В заключение остановимся коротко на явлениях, способствовавших эрозии и распаду семьи, т. е. прежде всего — на проблеме адюльтера. В последнее время в историографии высказано мнение, что к концу XII в. в Византии стали снисходительнее смотреть на адюльтер среди женатых мужчин и замужних женщин.[3] Действительно, те строгие законы, о которых говорилось выше, соблюдались, по-видимому, в этот период не всегда последовательно. Их нарушали сами императоры, призванные обеспечивать действенность официального права. И Мануил I Комнин, и Андроник I Комнин имели детей от родных племянниц. Закон же предусматривал в таких случаях не только отсечение носа, но и казнь. Однако о случаях супружеской неверности в среде знати известно немало не только от конца XII в., но и от XI в., и от начала XII столетия. Скандальные связи Константина IX Мономаха не раз вызывали волнения в столице. Едва женившись на Зое (это был ее третий брак), Мономах ввел во дворец свою фаворитку Марию Склирену. Царская спальня была устроена так, что покои василевса сообщались со смежными помещениями Зои и Склирены. Ни одна из них не входила к Константину без стука. Многочисленный дворцовый люд подражал императору, уверенный в безнаказанности. Народ бурно протестовал, требуя удаления Склирены. Анна Комнин уверяет, что со времен Мономаха до 1081 г. женская половина дворца пребывала в разврате, и только бабка Анны — Анна Далассина навела порядок, установила время для приема чиновных лиц, трапез и "божественных песнопений", так что дворец уподобился монастырю.

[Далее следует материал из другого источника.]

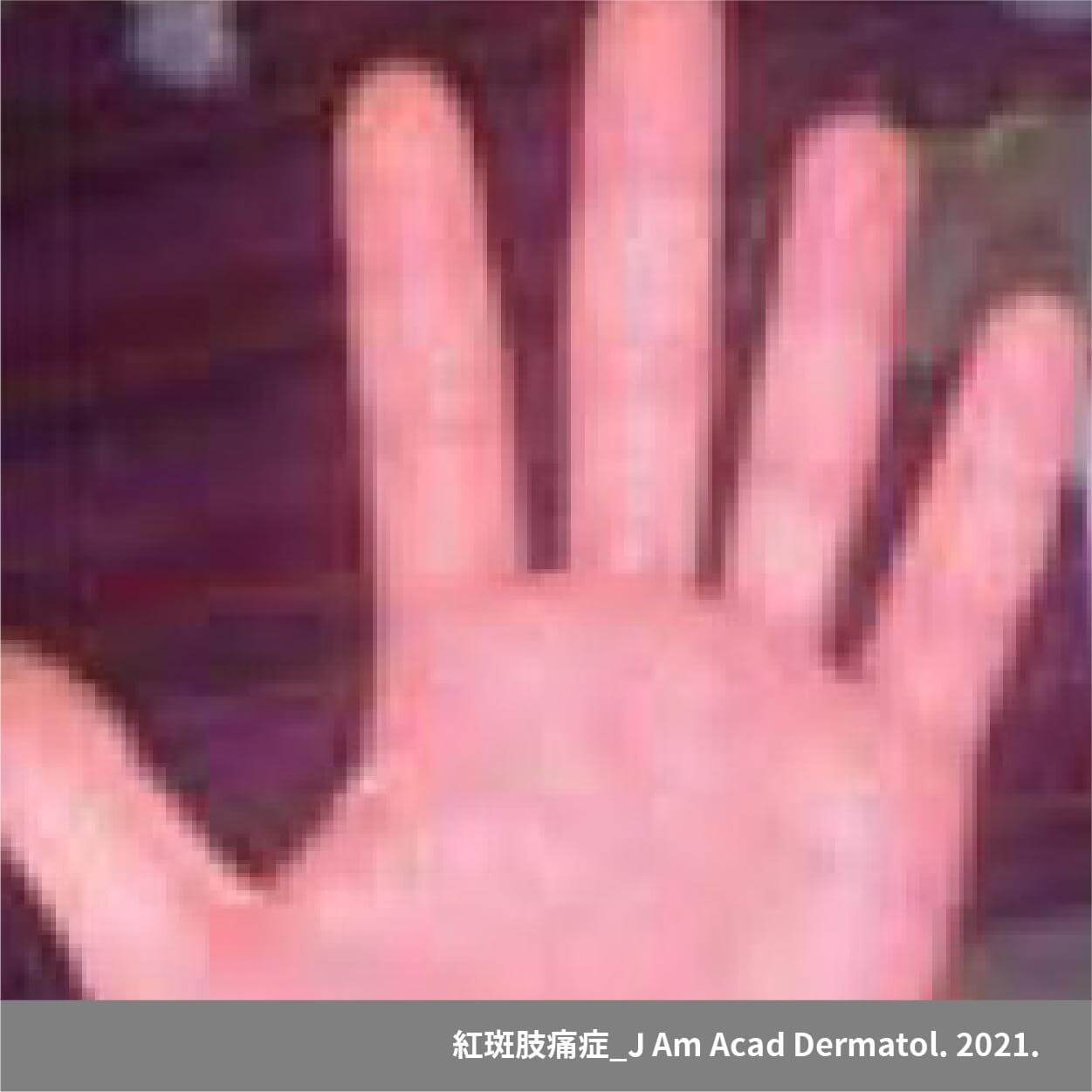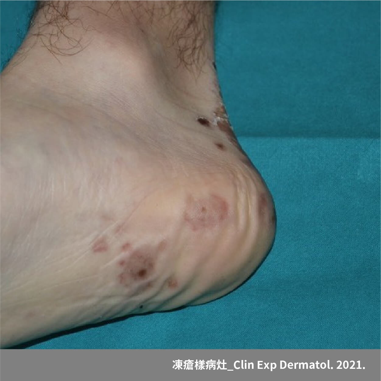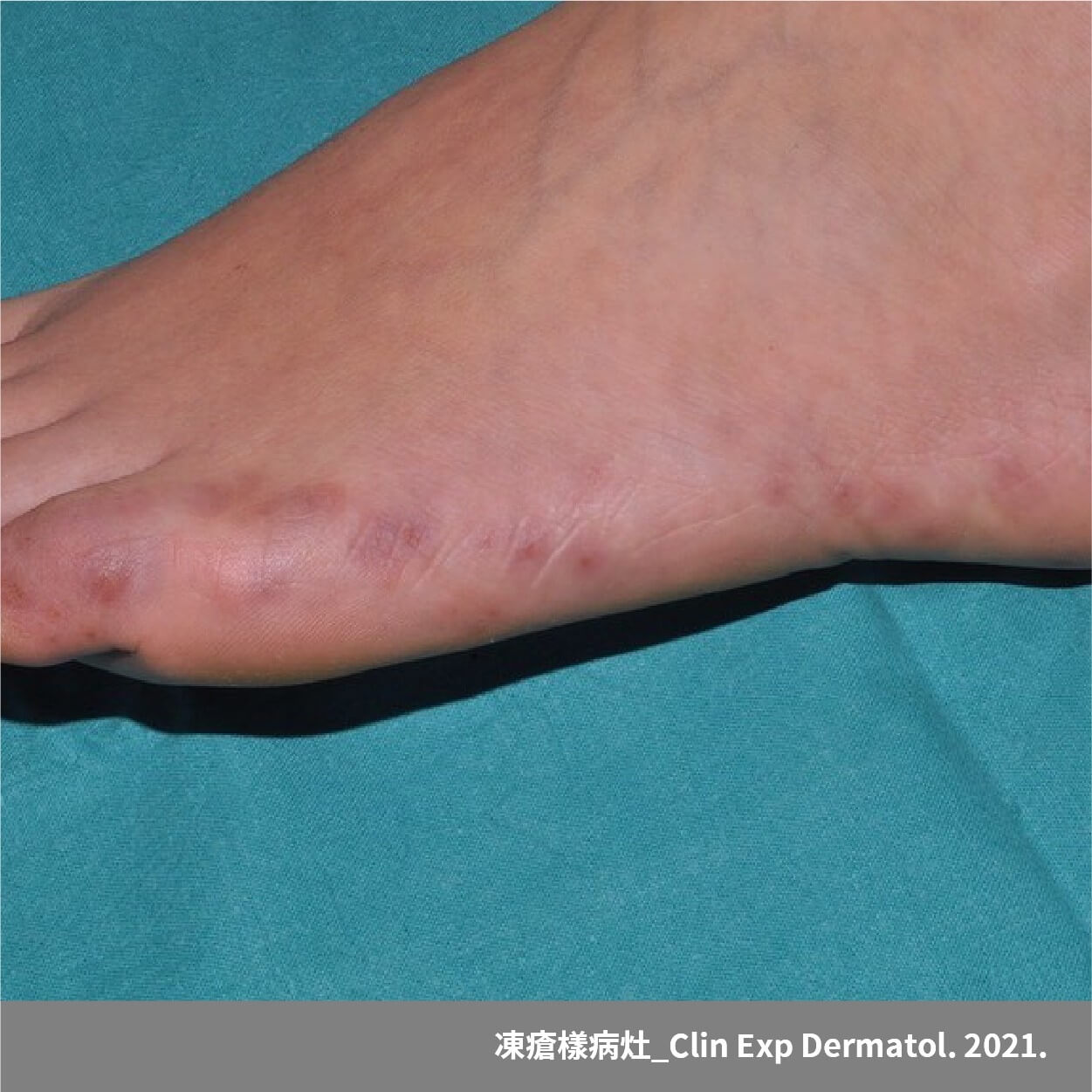 手腳等末梢出現紅腫痛癢的疹子,像被凍傷的樣子,腳比手更常見,分佈上左右不對稱,主要發生在青少年及兒童患者。

Любовь Склирены, кстати говоря, один из немногочисленных сохраненных источниками примеров самоотверженной женской любви. Происходившая из богатого и знатного рода, Склирена полюбила опального вдовца Константина и, продав свои владения (имущество Мономаха было, видимо, конфисковано), последовала за ним в ссылку на остров Лесбос, где они прожили вместе семь лет. Безусловный ценитель подлинной культуры, тонкий наблюдатель и психолог, Пселл много лет спустя после смерти Склирены с восторгом писал о ее уме, такте, воспитанности, образованности, скромности и умении слушать. Она не была красавицей, заключает писатель, но обаяние ее личности действовало неотразимо. Щедрый и негневливый, но недалекий и ветреный Мономах окружил Склирену роскошью, но вряд ли тем вознаградил ее за большую любовь. Когда Склирена внезапно умерла, василевс, по словам Пселла, каялся в горестном недоумении и плакал, как ребенок, жалуясь каждому встречному.
В крупных городах Византии жили богатые и образованные гетеры. Об одной из них рассказывается в сатирическом сочинении "Путешествие в ад". Ее посетителями были высокопоставленные знатные лица, но когда влюбившийся в эту красавицу некий «неразумный» чиновник хотел взять ее в жены, император запретил ему это.

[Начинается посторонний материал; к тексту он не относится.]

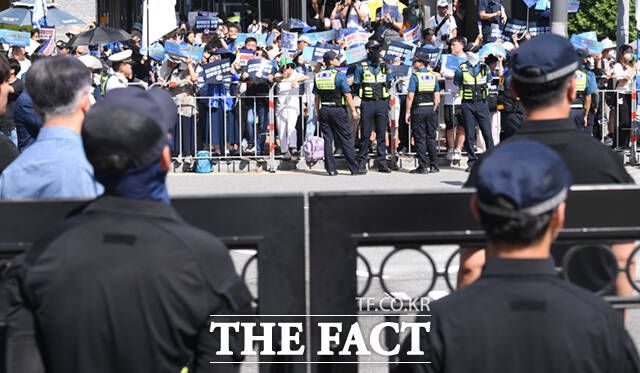 무기한 단식 중인 이 대표의 검찰 출석을 앞두고, 만일을 대비해 구급차와 의료진이 청사에 도착해 있다.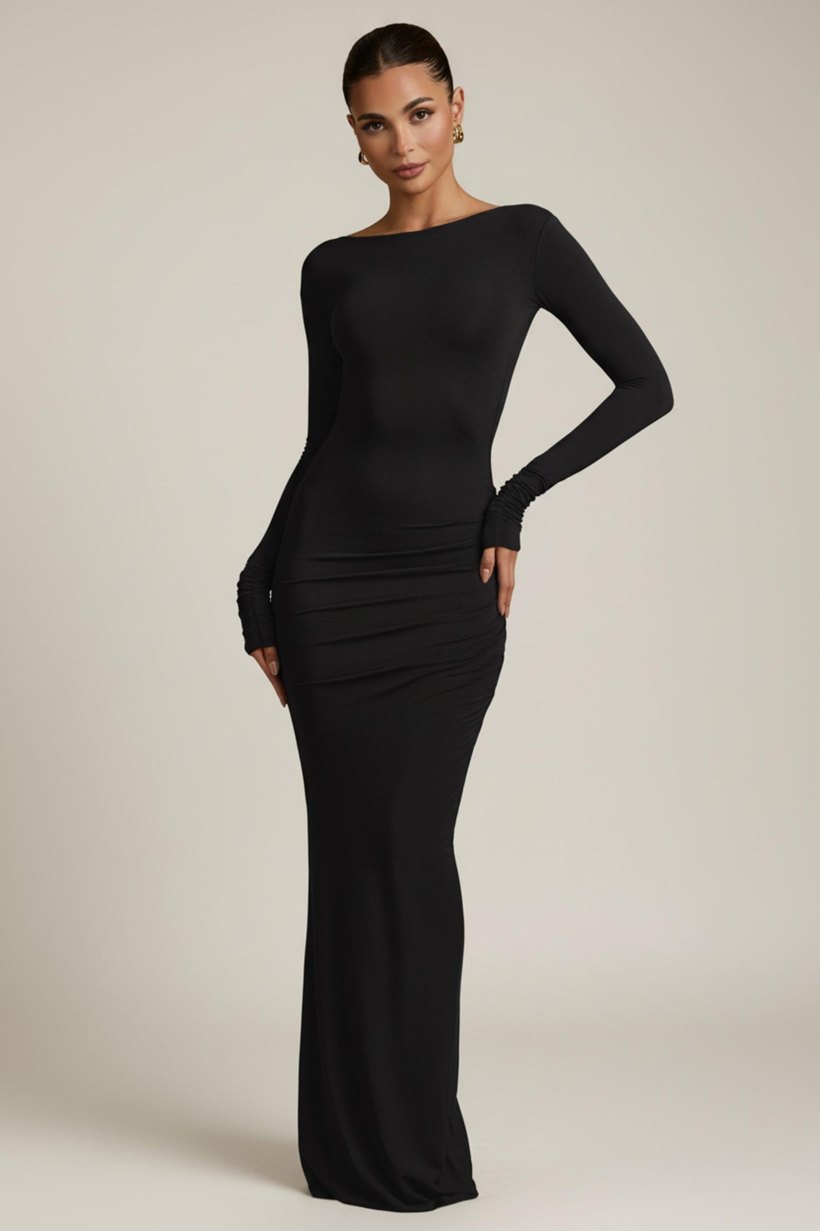 Go from day to night with the Regine maxi dress. A timeless style you’ll always reach for, it’s crafted from stretchy and breathable jersey made with TENCEL™ Modal fibres that are naturally soft and smooth to the touch. It’s cut to a figure-hugging fishtail silhouette framed with a flattering boat neck, precise ruching at the sides for enhanced comfort and a stunning open back. High boat neckLong fitted sleevesRuched detailing at sidesCircular cut-out at backPull-on designFishtail silhouette We recommend styling with nipple covers from our Intimates collection for enhanced coverageMaxi length, SNP to hem approx. 154cm based on a size SProduct code: 13570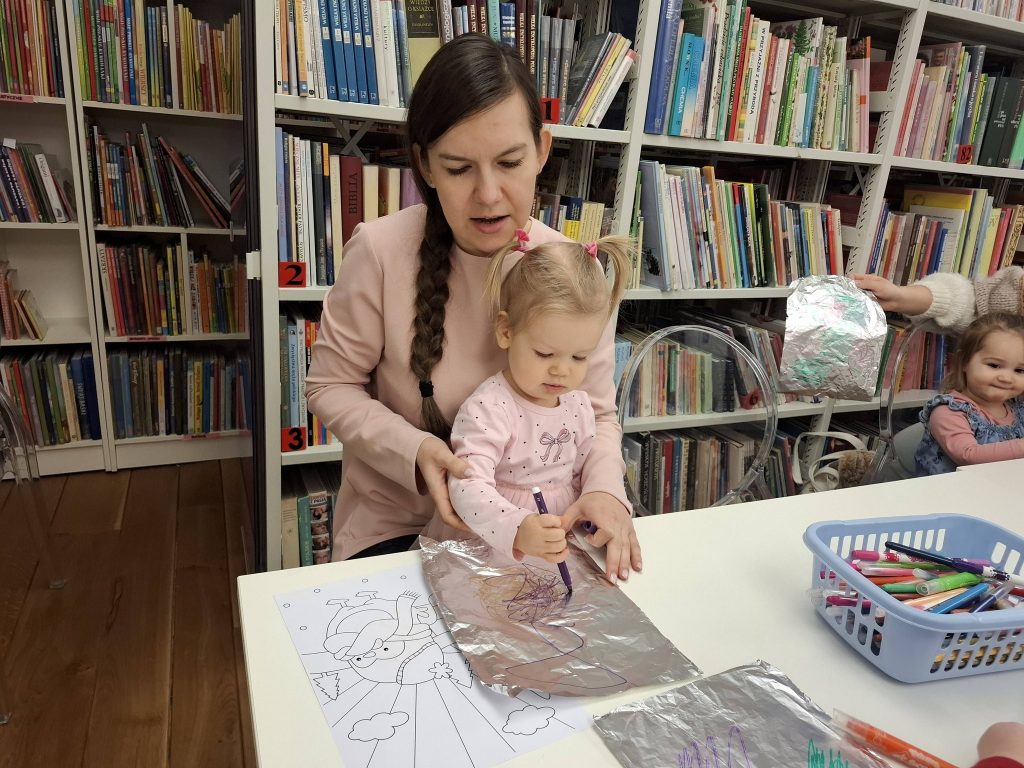 Kolejnym punktem było malowanie pingwinków w niecodzienny sposób: uczestnicy zajęć kolorowali folię aluminiową pisakami i odbijali wzory na kartkach. Nie zabrakło chwili na ruch i muzykę, a na zakończenie mali artyści wypełniali pojemniczki ryżem, zamieniając je w urocze bałwanki.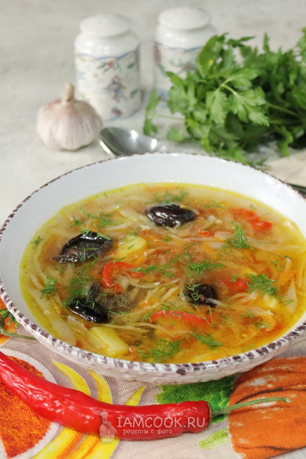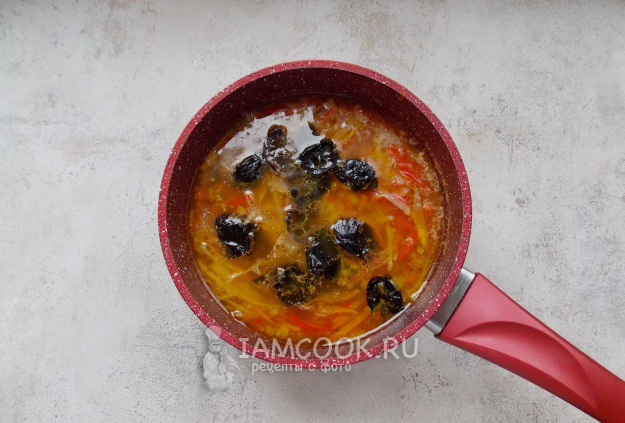 Варите щи до готовности всех ингредиентов. За 5 минут до окончания приготовления выложите чернослив, который предварительно тщательно помойте.

Дома терпимости находились почти в каждом из многочисленных кварталов Константинополя, имея и официальный и неофициальный статус. Среди их обитательниц было немало девочек-сирот, которые в бедных кварталах едва добывали себе пропитание. Занимались они также прядением шерсти. Власти иногда превращали дома терпимости в исправительные колонии, загоняли гетер в монастыри (так поступил, например, Михаил IV), но все это давало лишь временный эффект.